Saudi Arabia will host the WTA Finals as part of a three-year deal announced Thursday by the women’s professional tennis tour that will increase the prize money for this November’s season-ending championship to a record $15.25 million, a 70% increase from 2023.
The event for the top eight singles players and top eight doubles teams will be held in Riyadh from 2024-26, part of a recent wave of investment by the kingdom in tennis and various sports, despite questions about LGBTQ+ and women’s rights there raised by Hall of Famers Chris Evert and Martina Navratilova and others.
“We’re going into this eyes wide open that the investment in sport by Saudi certainly provokes strong views from people,” WTA Tour Chairman and CEO Steve Simon told The Associated Press. “We’ve met with Chris and Martina and listened to their concerns and we have shared their concerns through our stakeholders as well, without prejudice. We’ve also shared the concerns around women’s rights and LGBTQ+ rights within the Kingdom of Saudi. Our focus is on how we develop women’s tennis for the benefit of everybody involved in the game. The reality of it is … we are truly a global tour, a global business. We have players from over 90 nations now. We have over 90 events. … We participate in many countries that have different cultures and values systems across the board.”

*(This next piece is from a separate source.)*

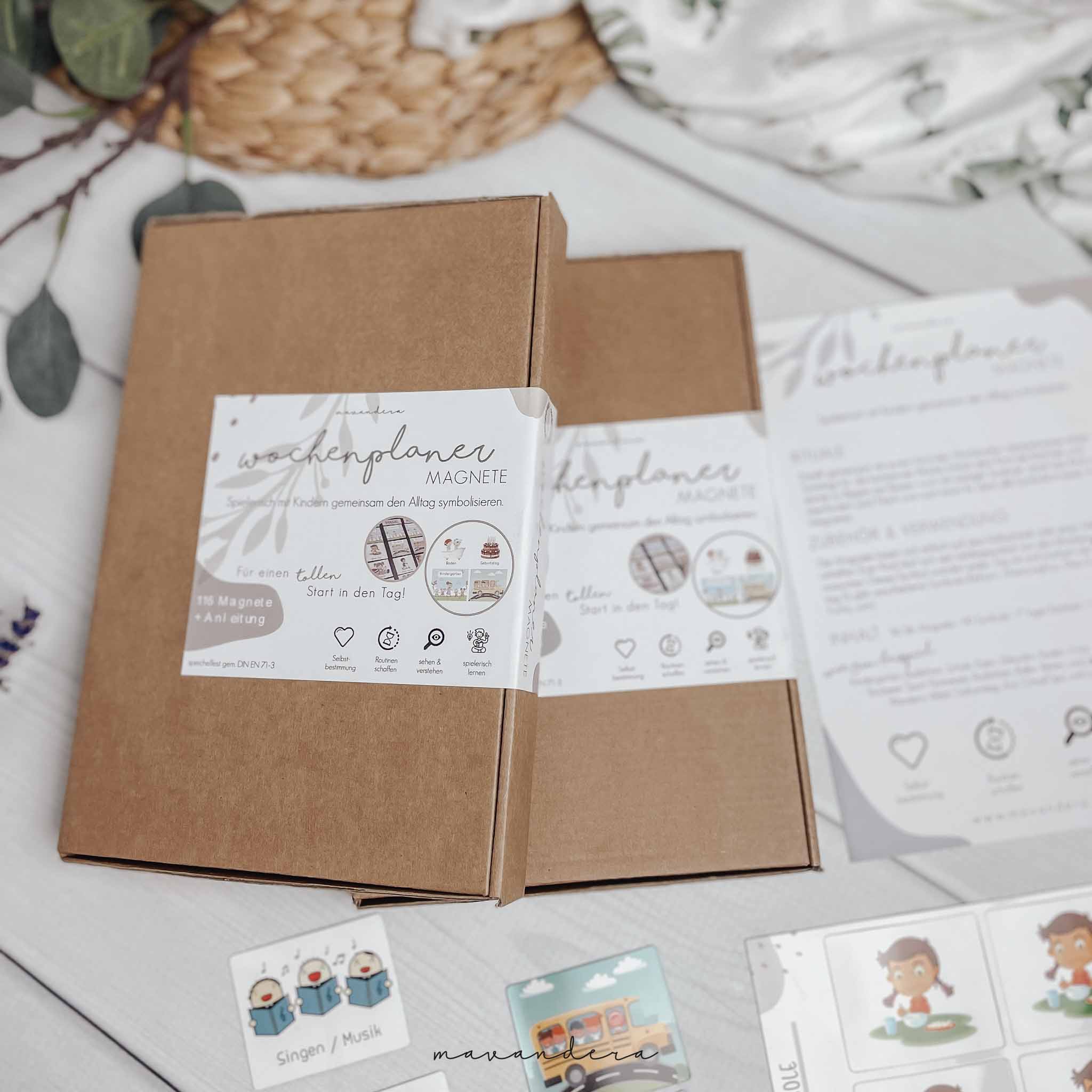 Du erhältst dann den Planer als digitale Datei und kannst dir alles selbst ausdrucken und laminieren (wir empfehlen ein Laminiergerät, gibt es schon günstig im Discounter um 10-20€ oder man leiht sich eines in der Verwandtschaft/Freunde). Ihr könnt die blanko Kästchen auch am PC digital erweitern und anpassen. Solltet ihr mehr Symbole brauchen (bei Geschwister Kindern) könnt ihr einfach die gewünschten Seiten öfters ausdrucken. Du bekommst die Datei mit den Kärtchen, eine detaillierte Anleitung, eine Materialliste (welche Magnettafel und welche Magnete ich empfehle), sowie eine Kostenaufstellung.

As for any concerns about Saudi Arabia that current players might have, Simon said: “We don’t plan to do any persuading. The players need to make their own choices, and we do believe that everyone who qualifies is going to want to play.”
Locations in Europe, North America and Asia also were considered as possible new sites for the WTA Finals, which have moved around to five cities over the past five editions after a deal to put the tournament in Shenzhen, China, through 2030 was disrupted by the coronavirus pandemic and concerns over the safety of retired Grand Slam doubles champion Peng Shuai, who accused a Chinese government official of rape.
The cities that hosted in 2022 (Fort Worth, Texas) and 2023 (Cancun, Mexico) were not revealed until September each year, and last November’s event was strongly criticized by players. Four-time Grand Slam champion Iga Swiatek beat Jessica Pegula in last year’s title match; U.S. Open champ Coco Gauff and Australian Open winner Aryna Sabalenka were among the other participants.
Simon said Riyadh was selected by the WTA in late December, but the details of the agreement were just completed.
“This partnership will build on our exposure to a market and a region whose impact on the sports industry is certainly growing rapidly,” Simon said. “We certainly expect that you’ll see more events coming there in the future. So at the end, we believe that the WTA should be a part of this development, versus being on the outside.”
Saudi Arabia’s Private Investment Fund (PIF) formed the LIV Golf tour and put money into soccer, for example, and the kingdom’s role in tennis has been rising. The ATP Tour moved its Next Gen Finals for leading 21-and-under players to Jedda in November; the PIF is the title sponsor for the men’s rankings; 22-time Grand Slam champion Rafael Nadal recently became an ambassador for the Saudi Tennis Federation; he will join 24-time major champ Novak Djokovic and rising stars Carlos Alcaraz and Jannik Sinner at an exhibition event in Riyadh in October. There have been discussions about placing a top-tier Masters 1000 tournament in Saudi Arabia, too, part of a possible larger restructuring involving the WTA, ATP and the country.
Rights groups say women continue to face discrimination in most aspects of family life and homosexuality is a major taboo, as it is in much of the rest of the Middle East.
In recent years, Saudi Arabia has enacted wide-ranging social reforms, including granting women the right to drive and largely dismantling male guardianship laws that had allowed husbands and male relatives to control many aspects of women’s lives. Men and women are still required to dress modestly, but the rules have been loosened and the once-feared religious police have been sidelined. Still, same-sex relations are punishable by death or flogging, though prosecutions are rare.
In an opinion piece published in The Washington Post in January, Evert and Navratilova urged the WTA to stay out of Saudi Arabia because, they wrote, staging the Finals there “would represent not progress, but significant regression” and asked whether “staging a Saudi crown-jewel tournament would involve players in an act of sportswashing merely for the sake of a cash influx.”
In response, Saudi Arabia’s ambassador to the United States, Princess Reema bint Bandar Al Saud, said the two former athletes relied on “outdated stereotypes and western-centric views of our culture” and “turned their back on the very same women they have inspired and it is beyond disappointing.”
The ambassador joined the head of the Saudi Tennis Federation and other women in a video conference with current WTA athletes to “speak to the changes that are happening and to what still needs to be done within the region,” Simon said.
The WTA said the Finals prize money will help work to meet the tour’s pledge, made last year, to increase pay and put it in line with what men earn in tennis. The $15.25 million on offer from Nov. 2-9, 2024 - an amount set to increase in 2025 and 2026 - is up from last year’s $9 million and eclipses the event-high $14 million at Shenzhen in 2019.